# Experiences with Heritor watches?



## EZE (Dec 27, 2011)

Hey everyone!

I recently stumbled upon a sale on sharkstore on Heritor automatic watches. I was wondering if anyone on these forums had any experience with this brand (link) ? The sale is for ~100$ while on amazon they are going for ~$600ish. Then again, this brand does not seem to be well known and I doubt many people buy the watch at its MSRP. Their website (HERITOR Watches USA) doesn't give much information either.

I admittedly don't know too much about watches, but they really have some beautiful looking watches such as this one: SharkStores - Heritor Bragg HR1201 Automaticn Mens Watch with Date & 40 Hour Power Reserve with an automatic japanese movement and sapphire coated crystal.
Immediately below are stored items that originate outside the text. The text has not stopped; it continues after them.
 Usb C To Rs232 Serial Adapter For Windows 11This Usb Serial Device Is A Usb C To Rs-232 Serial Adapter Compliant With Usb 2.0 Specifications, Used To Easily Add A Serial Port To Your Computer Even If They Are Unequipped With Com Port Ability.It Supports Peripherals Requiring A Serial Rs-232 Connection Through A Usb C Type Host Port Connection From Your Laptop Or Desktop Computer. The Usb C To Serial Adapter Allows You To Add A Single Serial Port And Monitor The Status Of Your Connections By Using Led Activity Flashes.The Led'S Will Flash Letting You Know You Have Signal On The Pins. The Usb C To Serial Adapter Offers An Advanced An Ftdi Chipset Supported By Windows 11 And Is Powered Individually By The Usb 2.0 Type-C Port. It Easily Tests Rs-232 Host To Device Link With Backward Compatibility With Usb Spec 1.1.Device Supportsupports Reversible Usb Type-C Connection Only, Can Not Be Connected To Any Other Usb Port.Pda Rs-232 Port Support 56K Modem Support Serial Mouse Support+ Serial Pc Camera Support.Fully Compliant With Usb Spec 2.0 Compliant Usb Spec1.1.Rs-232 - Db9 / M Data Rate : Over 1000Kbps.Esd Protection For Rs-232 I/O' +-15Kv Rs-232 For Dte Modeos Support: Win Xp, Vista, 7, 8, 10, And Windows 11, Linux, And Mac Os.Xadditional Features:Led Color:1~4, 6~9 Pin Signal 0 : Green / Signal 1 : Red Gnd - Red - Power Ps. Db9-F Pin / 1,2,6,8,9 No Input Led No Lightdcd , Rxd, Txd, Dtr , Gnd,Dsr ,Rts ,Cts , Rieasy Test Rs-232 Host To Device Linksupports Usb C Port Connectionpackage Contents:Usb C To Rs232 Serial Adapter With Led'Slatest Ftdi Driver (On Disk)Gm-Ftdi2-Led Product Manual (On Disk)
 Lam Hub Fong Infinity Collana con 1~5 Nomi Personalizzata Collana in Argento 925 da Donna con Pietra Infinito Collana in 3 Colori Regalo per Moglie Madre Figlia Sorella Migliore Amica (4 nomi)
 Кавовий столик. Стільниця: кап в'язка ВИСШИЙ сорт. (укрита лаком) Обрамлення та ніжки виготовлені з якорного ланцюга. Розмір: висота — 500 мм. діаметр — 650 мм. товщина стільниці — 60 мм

Was thinking of picking up one of these as a christmas gift for a friend, but was hoping to hear about some experiences people have had with Heritor (and ordering from sharkstore in general).

Thanks!


----------



## StufflerMike (Mar 23, 2010)

What is a sapphire coated crystal ? I know what a coated sapphire crystal might be about but sapphire coated crystal ? 
Secondly: the movement of the Heritor Bragg HR1201 to me looks chinese not japanese? 
What is a "Buckle with Strap Buckle Clasp" ? 
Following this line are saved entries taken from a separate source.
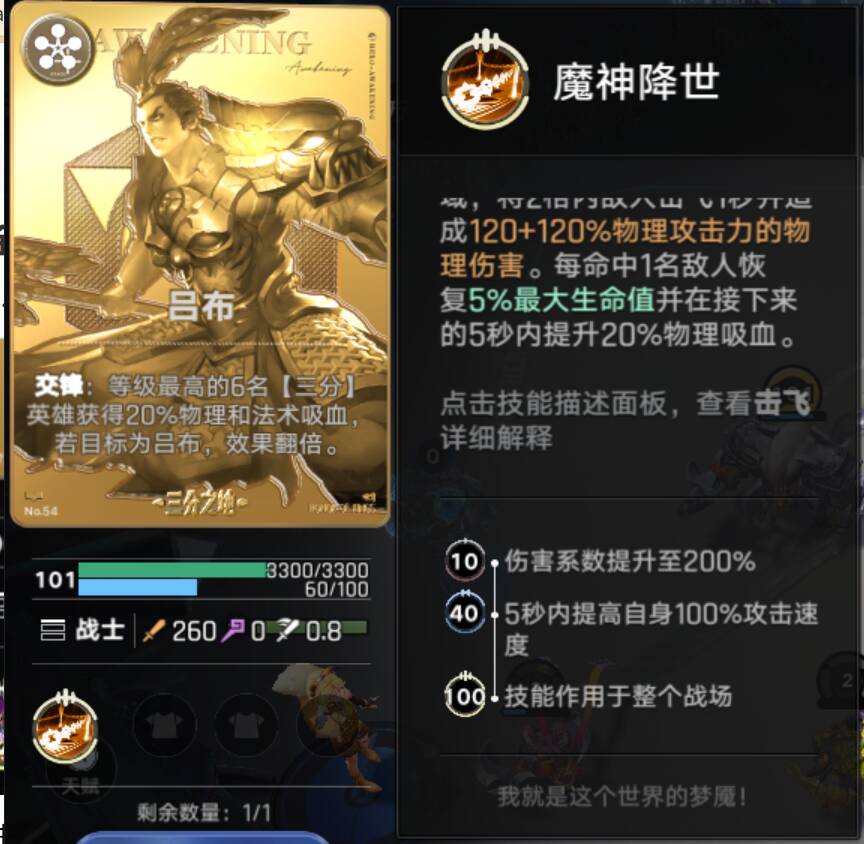 这是一张最高本,5本的棋子——吕布。
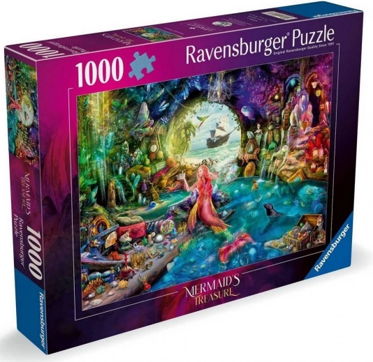 Ravensburger puzzle 1000 elementów – Tajemniczy skarb syreny. Precyzyjny wykrojnik, nasycone kolory i format 70 × 50 cm. Świetne do relaksu i oprawienia.
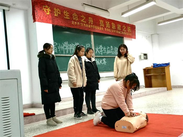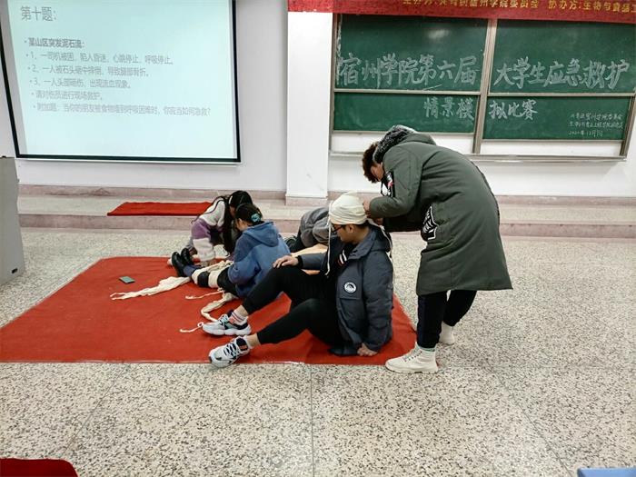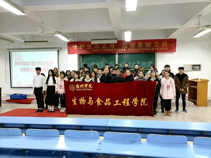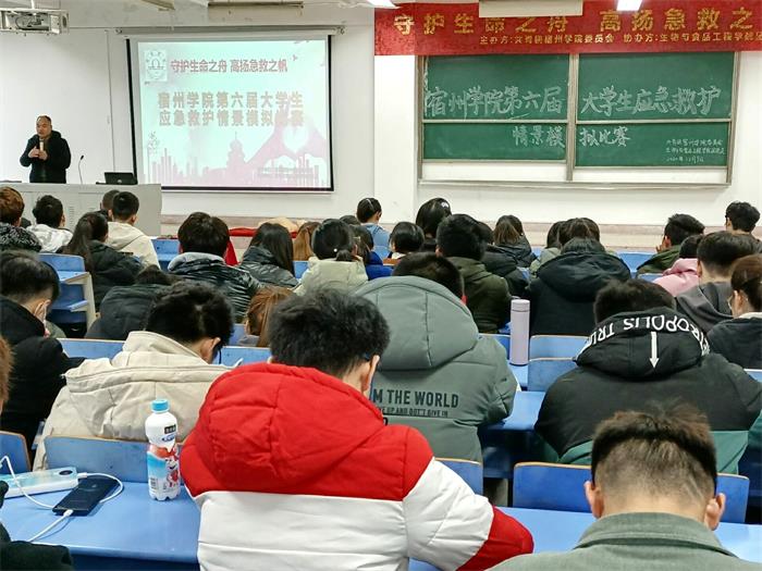为增强同学们对疾病预防的本领,提高学生们面对突发事件和紧急避险逃生自救互救能力。12月9日下午2点,由共青团大赢家体育委员会主办,生物与食品工程学院团总支承办、宿州市红十字精神传播大队协办的大赢家体育第六届大学生应急救护情景模拟比赛于教学楼B301举办。本次比赛邀请到中国著名急救培训专家岳勋老师,矿建总医院急诊科向斌主任,资深志愿者李正平队长。
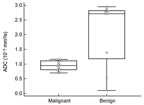 Our study identified a significant correlation between DWI hyperintensity and malignant masses, which is consistent with previous reports that have used b values of 0 and 1000 s/mm2 [21,22]. For the fibroma, a benign ovarian tumor with limited specificity was noted because of dense cellularity that resulted in restricted diffusion on DWI [23]. Several other benign female pelvic tumors, chiefly endometriomas, dermoid cysts, and fibroids, can also exhibit restricted diffusion [24]. Even normal ovaries may exhibit restricted diffusion, and thus, image interpretation in conjunction with the results of other image sequences is essential. The probable cutoff value of the ADC value to differentiate between malignant and benign adnexal masses was reported to be 1.13 × 10−3 mm2/s in previous literature [25,26] and 1.27 × 10−3 mm2/s in our study. However, the ADC values of two teratomas (0.54 × 10−3 mm2/s and 0.99 × 10−3 mm2/s, respectively) were lower than these cutoff values and were found to be lower than those of malignant masses in our study; these results are comparable with those of Kim et al. [22], which might explain the high sensitivity but low specificity of using ADC cutoff values alone as an indicator of malignancy. Hence, the diagnoses of teratomas or fibromas using solely DWI should be interpreted cautiously.

To me Heritor is just another mushroom brand. I would not pull the trigger on any Heritor.


----------



## EZE (Dec 27, 2011)

stuffler said:


> What is a sapphire coated crystal ? I know what a coated sapphire crystal might be about but sapphire coated crystal ?
> Secondly: the movement of the Heritor Bragg HR1201 to me looks chinese not japanese?
> What is a "Buckle with Strap Buckle Clasp" ?
> 
> To me Heritor is just another mushroom brand. I would not pull the trigger on any Heritor.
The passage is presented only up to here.